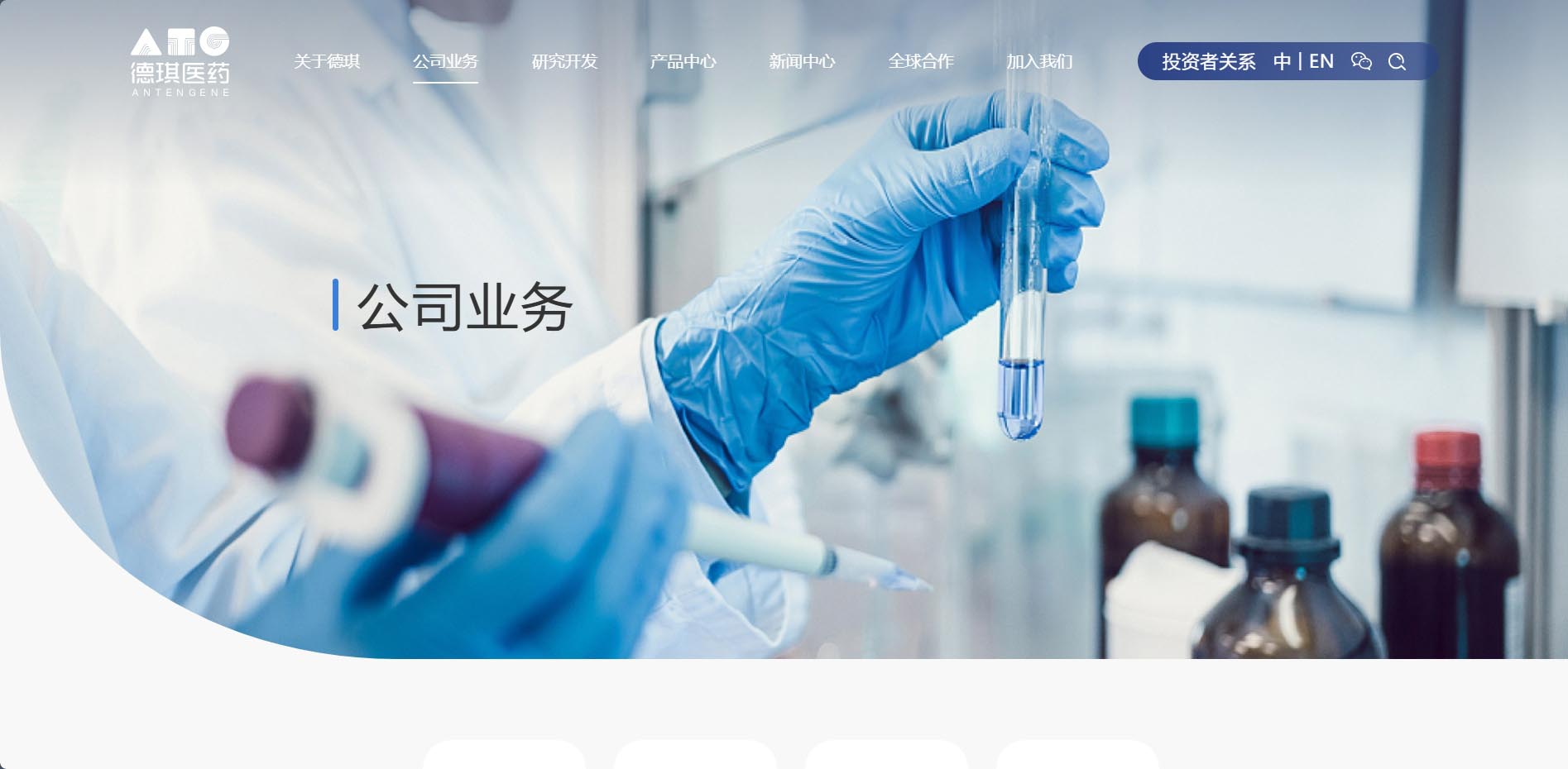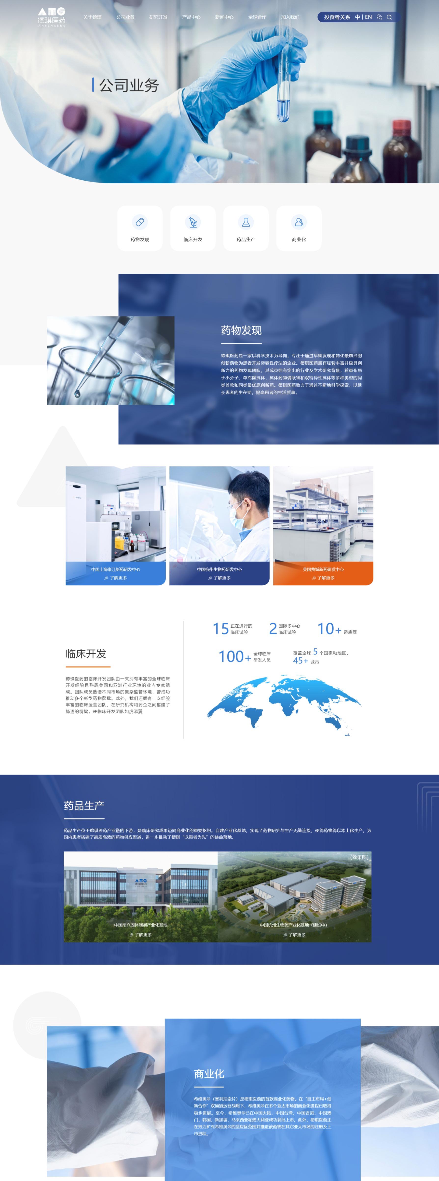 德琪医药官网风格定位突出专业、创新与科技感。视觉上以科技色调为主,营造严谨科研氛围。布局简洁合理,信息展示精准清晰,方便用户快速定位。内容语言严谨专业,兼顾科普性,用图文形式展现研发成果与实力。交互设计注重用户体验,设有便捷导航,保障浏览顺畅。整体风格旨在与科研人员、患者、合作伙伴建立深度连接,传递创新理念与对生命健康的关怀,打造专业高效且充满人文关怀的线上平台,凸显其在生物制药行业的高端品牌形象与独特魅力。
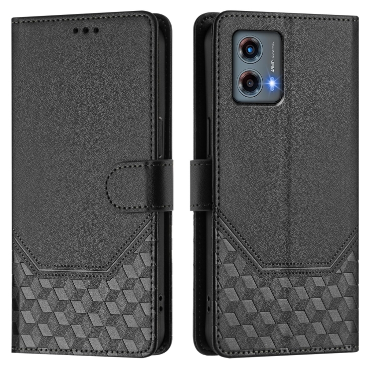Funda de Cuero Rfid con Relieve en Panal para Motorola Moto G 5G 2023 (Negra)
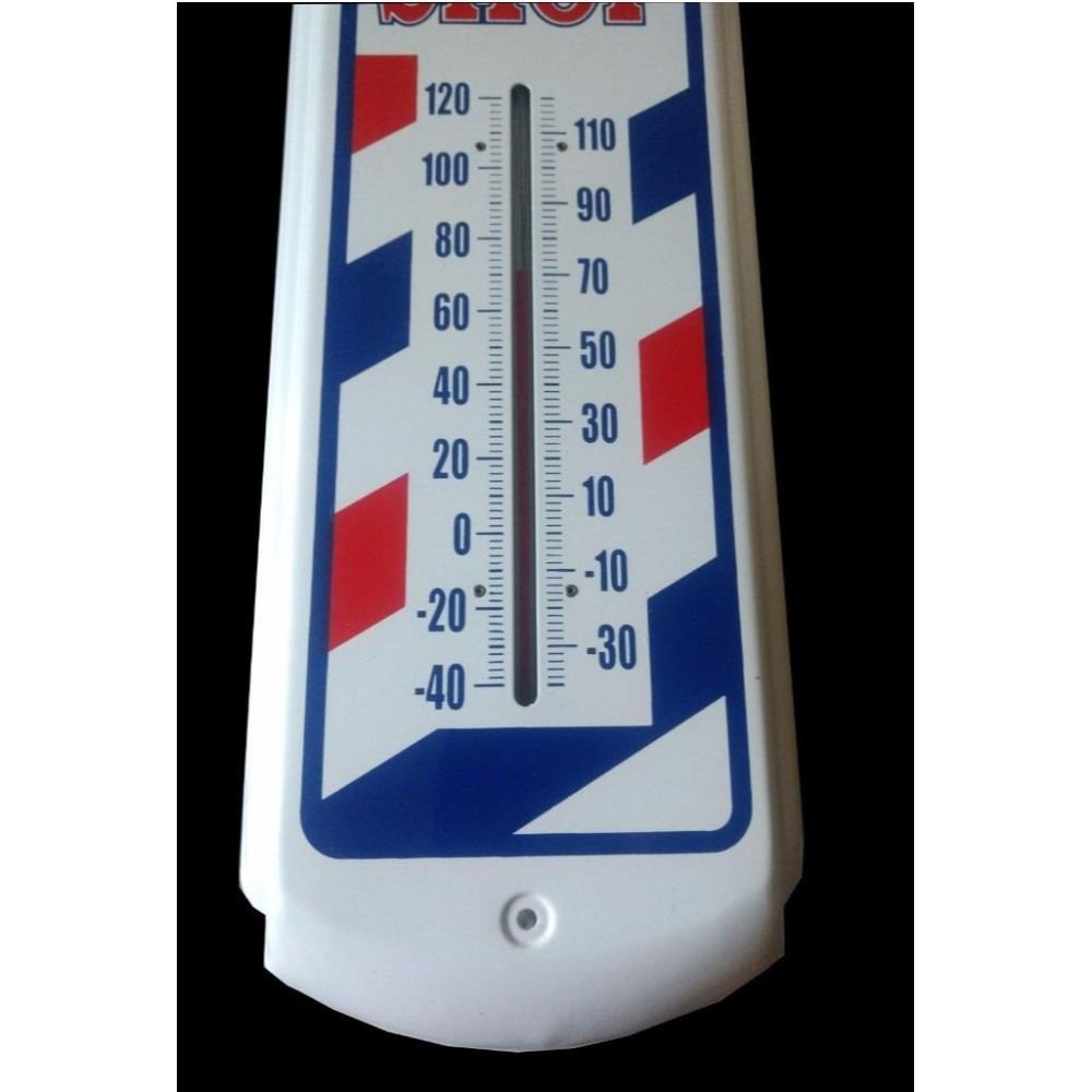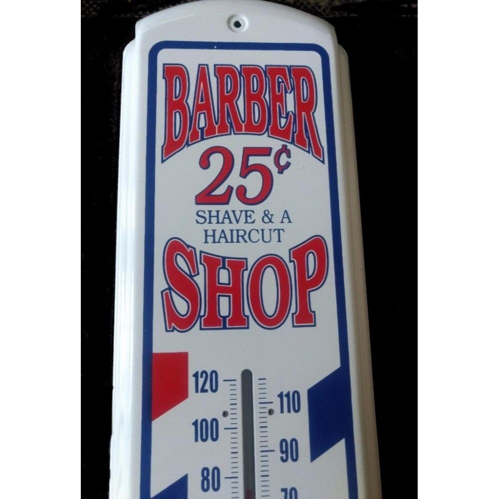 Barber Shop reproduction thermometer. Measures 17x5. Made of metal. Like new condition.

==

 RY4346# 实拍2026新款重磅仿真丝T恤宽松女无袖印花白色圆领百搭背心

- _Problem_: Output only the stretch above from the line with "德琪医药官网风格定位突出专业" through the line with "Barber Shop reproduction", reproduced exactly. Exclude pictures.

- _Task response_:
 德琪医药官网风格定位突出专业、创新与科技感。视觉上以科技色调为主,营造严谨科研氛围。布局简洁合理,信息展示精准清晰,方便用户快速定位。内容语言严谨专业,兼顾科普性,用图文形式展现研发成果与实力。交互设计注重用户体验,设有便捷导航,保障浏览顺畅。整体风格旨在与科研人员、患者、合作伙伴建立深度连接,传递创新理念与对生命健康的关怀,打造专业高效且充满人文关怀的线上平台,凸显其在生物制药行业的高端品牌形象与独特魅力。
Funda de Cuero Rfid con Relieve en Panal para Motorola Moto G 5G 2023 (Negra)
 Barber Shop reproduction thermometer. Measures 17x5. Made of metal. Like new condition.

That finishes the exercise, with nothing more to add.